**Information shown**
==================================================

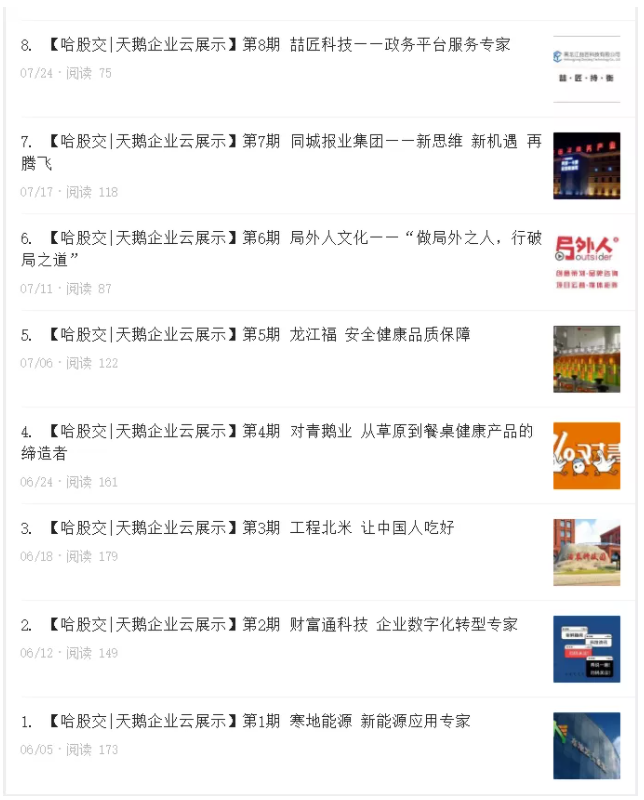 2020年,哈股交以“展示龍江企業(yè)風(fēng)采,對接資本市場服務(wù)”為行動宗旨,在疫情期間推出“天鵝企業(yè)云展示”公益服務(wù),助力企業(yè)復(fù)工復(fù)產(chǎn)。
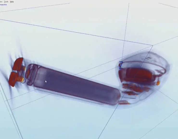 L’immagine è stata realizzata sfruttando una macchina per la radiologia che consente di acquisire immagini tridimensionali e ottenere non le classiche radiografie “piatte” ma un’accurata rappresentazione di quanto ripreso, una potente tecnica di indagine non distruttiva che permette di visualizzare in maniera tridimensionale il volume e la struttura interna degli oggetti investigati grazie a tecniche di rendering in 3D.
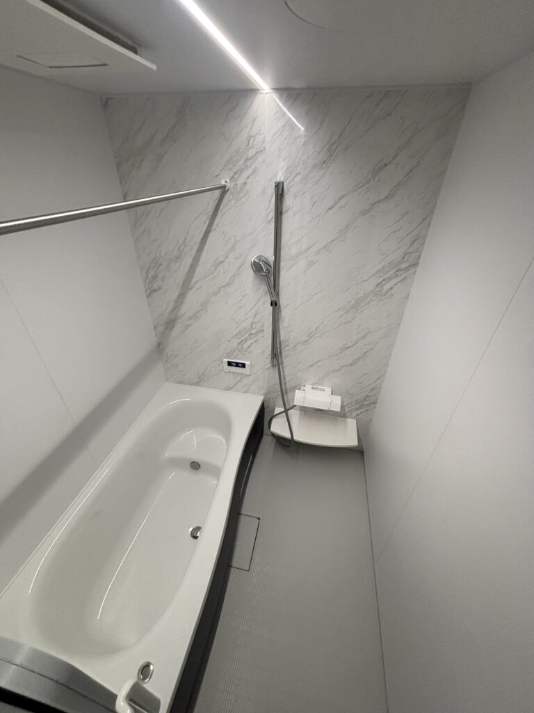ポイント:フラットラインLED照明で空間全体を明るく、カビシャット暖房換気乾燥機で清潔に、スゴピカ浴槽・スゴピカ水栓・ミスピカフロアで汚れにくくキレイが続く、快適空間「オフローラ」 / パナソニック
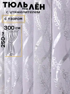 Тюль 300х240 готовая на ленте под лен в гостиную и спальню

==================================================

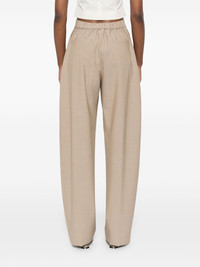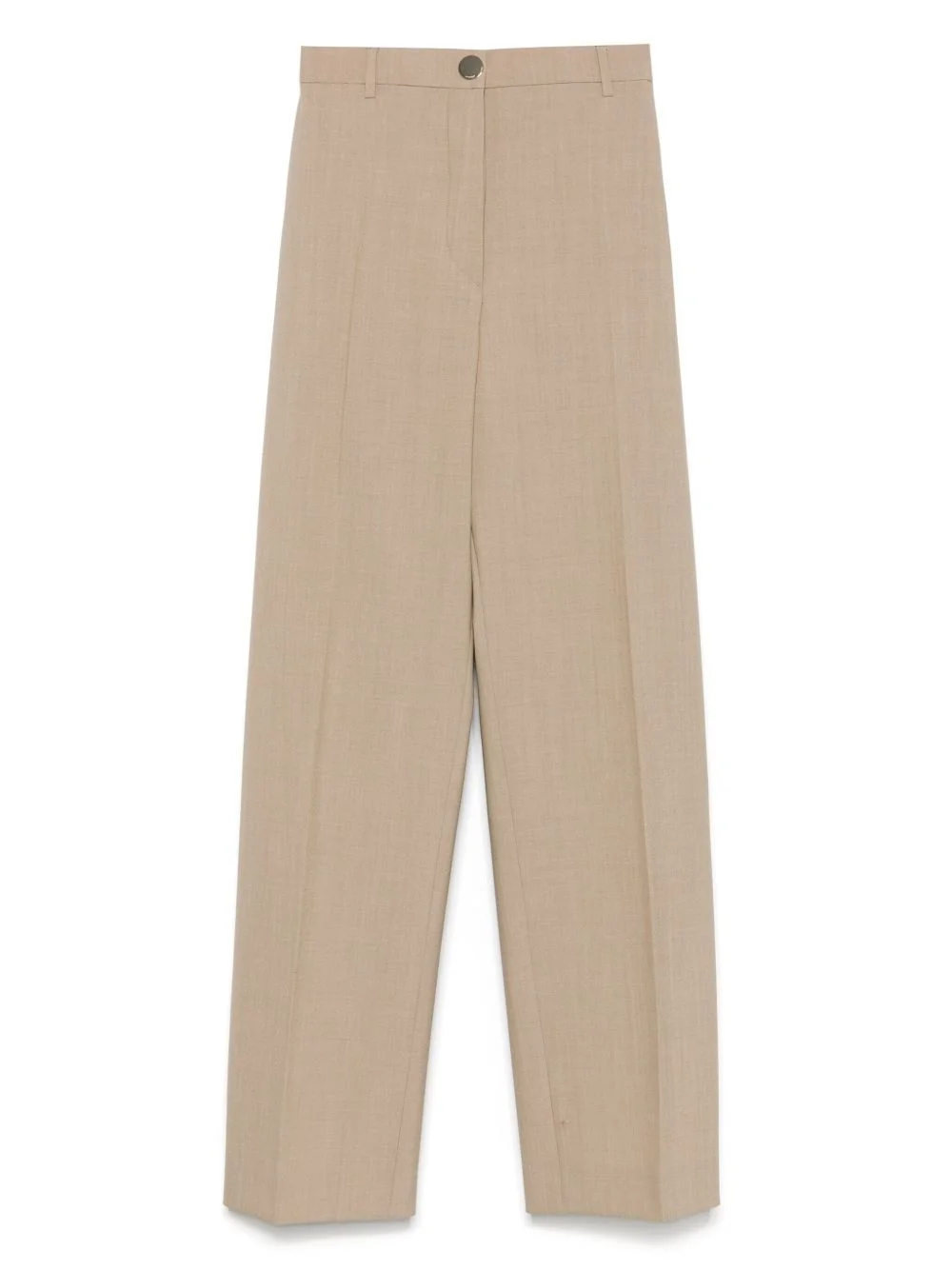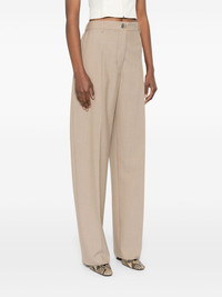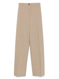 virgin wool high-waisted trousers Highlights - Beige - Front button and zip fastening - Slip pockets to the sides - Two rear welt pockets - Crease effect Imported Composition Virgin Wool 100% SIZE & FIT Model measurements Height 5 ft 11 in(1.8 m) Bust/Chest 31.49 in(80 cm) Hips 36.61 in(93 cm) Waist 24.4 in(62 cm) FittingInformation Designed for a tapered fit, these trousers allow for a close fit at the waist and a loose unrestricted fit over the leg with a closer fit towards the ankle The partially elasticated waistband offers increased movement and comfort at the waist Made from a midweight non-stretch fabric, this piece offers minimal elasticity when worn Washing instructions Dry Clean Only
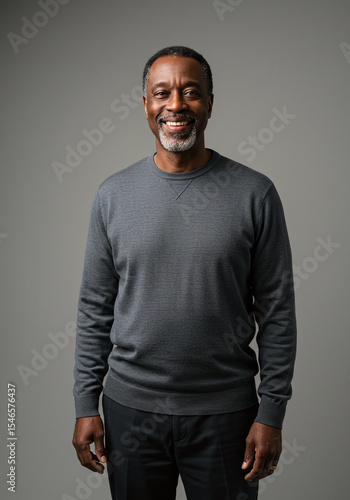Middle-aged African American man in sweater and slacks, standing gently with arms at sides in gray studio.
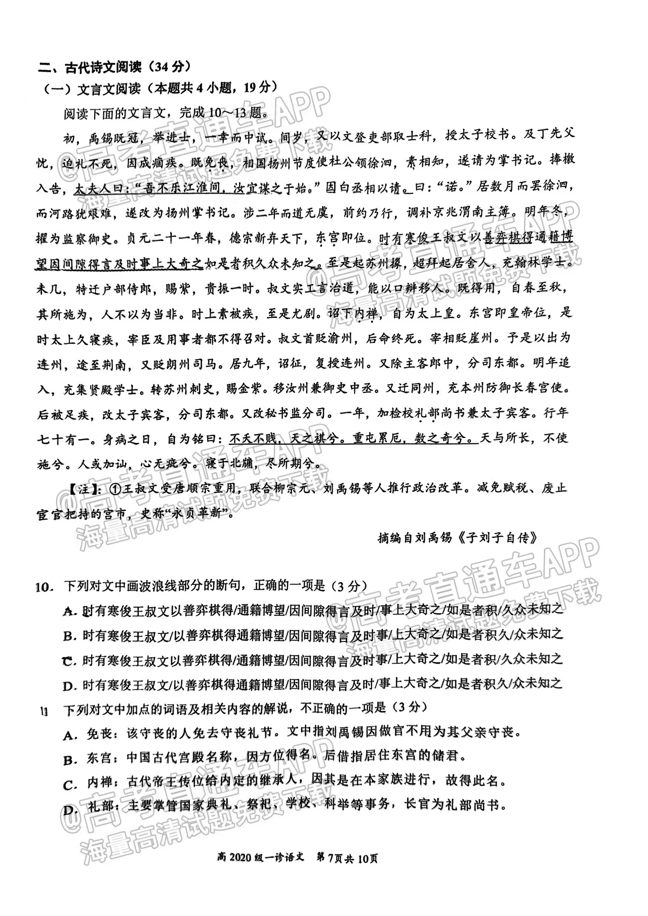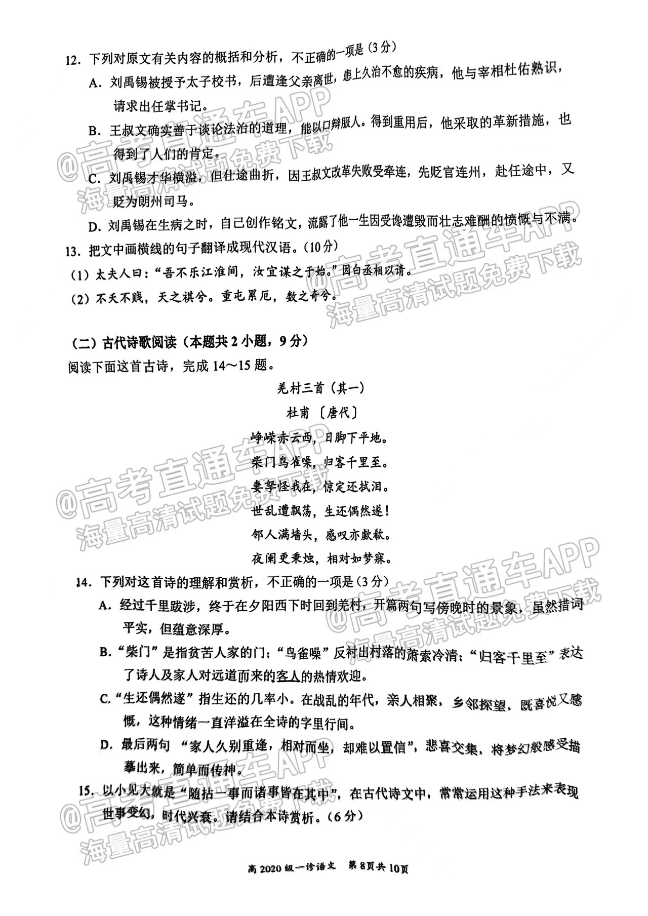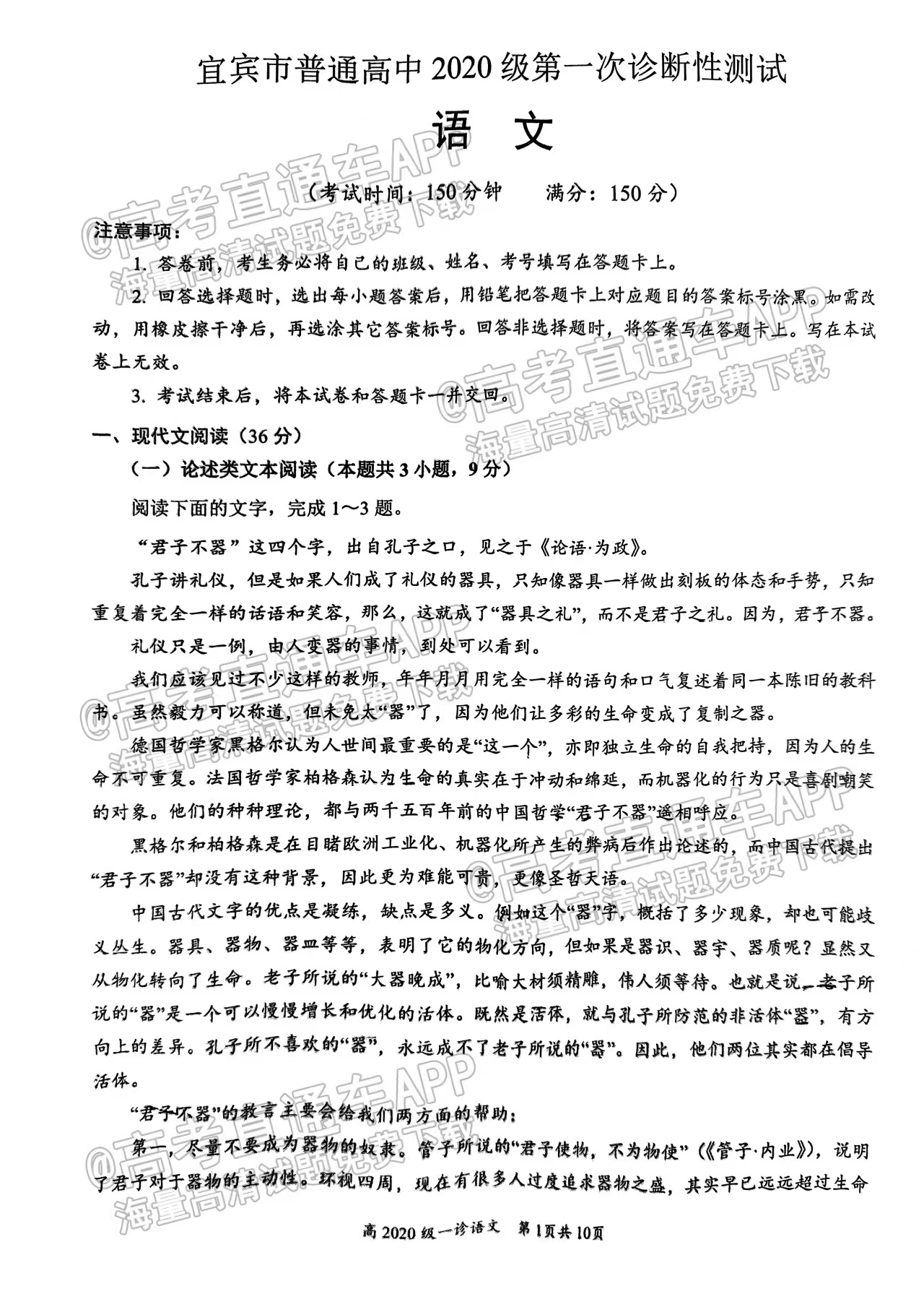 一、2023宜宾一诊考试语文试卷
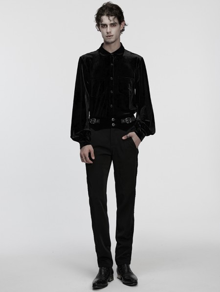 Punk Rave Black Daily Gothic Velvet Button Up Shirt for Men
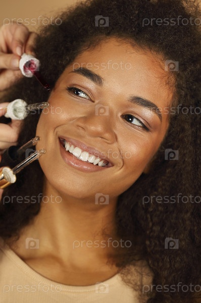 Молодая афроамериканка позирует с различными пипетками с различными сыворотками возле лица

==================================================

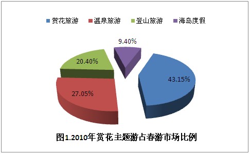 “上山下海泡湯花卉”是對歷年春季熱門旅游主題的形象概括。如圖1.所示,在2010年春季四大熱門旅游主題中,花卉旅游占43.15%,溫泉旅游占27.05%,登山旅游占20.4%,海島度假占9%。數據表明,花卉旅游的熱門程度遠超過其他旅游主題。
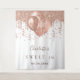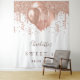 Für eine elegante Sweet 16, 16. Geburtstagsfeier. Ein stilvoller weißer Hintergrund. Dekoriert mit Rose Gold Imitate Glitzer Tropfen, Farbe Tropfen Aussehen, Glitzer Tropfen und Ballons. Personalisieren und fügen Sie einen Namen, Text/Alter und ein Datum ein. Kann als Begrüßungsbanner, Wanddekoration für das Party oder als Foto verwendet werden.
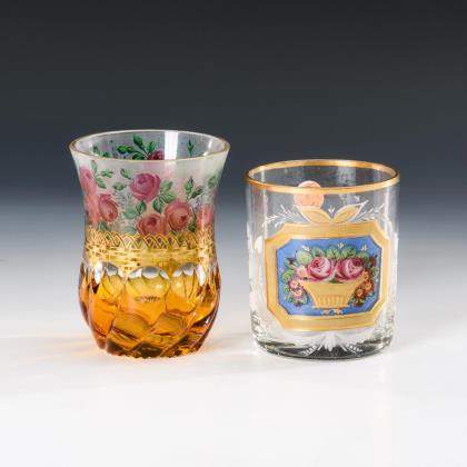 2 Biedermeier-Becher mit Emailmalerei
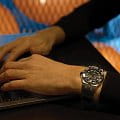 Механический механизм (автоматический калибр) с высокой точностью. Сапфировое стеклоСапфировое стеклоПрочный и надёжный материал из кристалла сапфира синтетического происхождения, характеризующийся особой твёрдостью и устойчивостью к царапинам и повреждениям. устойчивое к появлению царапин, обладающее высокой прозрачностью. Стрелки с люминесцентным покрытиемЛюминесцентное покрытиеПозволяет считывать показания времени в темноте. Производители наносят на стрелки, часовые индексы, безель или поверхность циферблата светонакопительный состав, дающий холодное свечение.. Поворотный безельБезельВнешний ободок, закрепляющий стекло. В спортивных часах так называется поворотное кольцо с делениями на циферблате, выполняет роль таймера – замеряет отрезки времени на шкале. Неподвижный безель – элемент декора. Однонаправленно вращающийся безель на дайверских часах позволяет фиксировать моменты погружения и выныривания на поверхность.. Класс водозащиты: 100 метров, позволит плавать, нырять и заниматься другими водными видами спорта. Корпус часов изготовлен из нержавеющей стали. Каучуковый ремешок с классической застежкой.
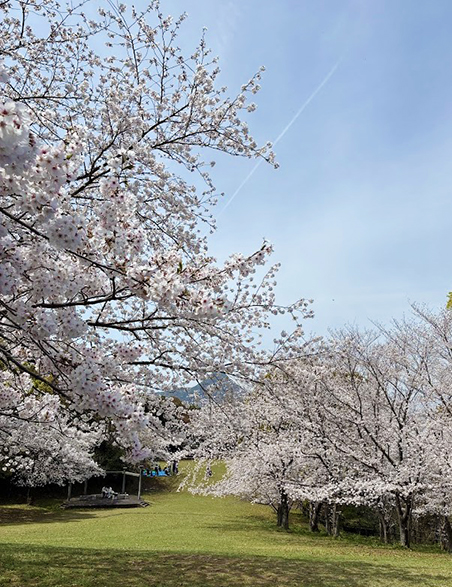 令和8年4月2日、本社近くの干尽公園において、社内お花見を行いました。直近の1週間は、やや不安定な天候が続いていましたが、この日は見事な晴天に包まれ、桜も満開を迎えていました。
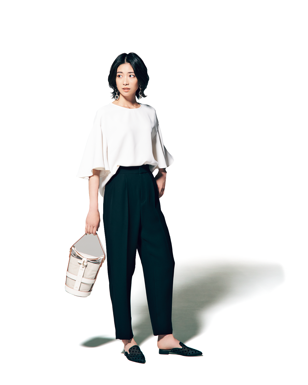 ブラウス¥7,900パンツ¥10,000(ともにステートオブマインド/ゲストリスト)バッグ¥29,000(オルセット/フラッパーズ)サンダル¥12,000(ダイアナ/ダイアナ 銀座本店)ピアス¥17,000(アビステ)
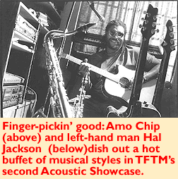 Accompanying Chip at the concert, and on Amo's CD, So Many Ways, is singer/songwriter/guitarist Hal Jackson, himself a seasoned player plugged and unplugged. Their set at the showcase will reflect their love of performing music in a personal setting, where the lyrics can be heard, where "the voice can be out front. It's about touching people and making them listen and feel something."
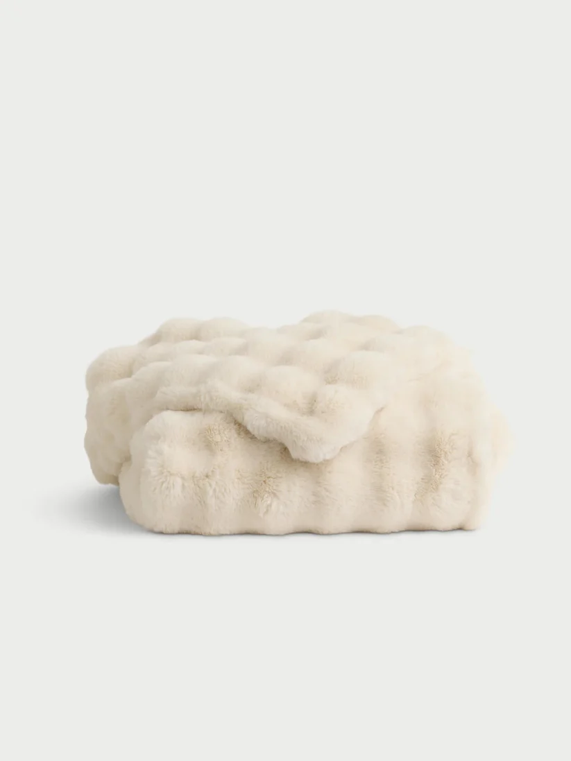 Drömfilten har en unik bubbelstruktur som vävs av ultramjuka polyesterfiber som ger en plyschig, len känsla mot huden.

==================================================

Retype, exactly and with no pictures, everything above from the line with "Punk Rave Black" down to the line with "Молодая афроамериканка позирует", both included.

**Answer space**
 Punk Rave Black Daily Gothic Velvet Button Up Shirt for Men
 Молодая афроамериканка позирует с различными пипетками с различными сыворотками возле лица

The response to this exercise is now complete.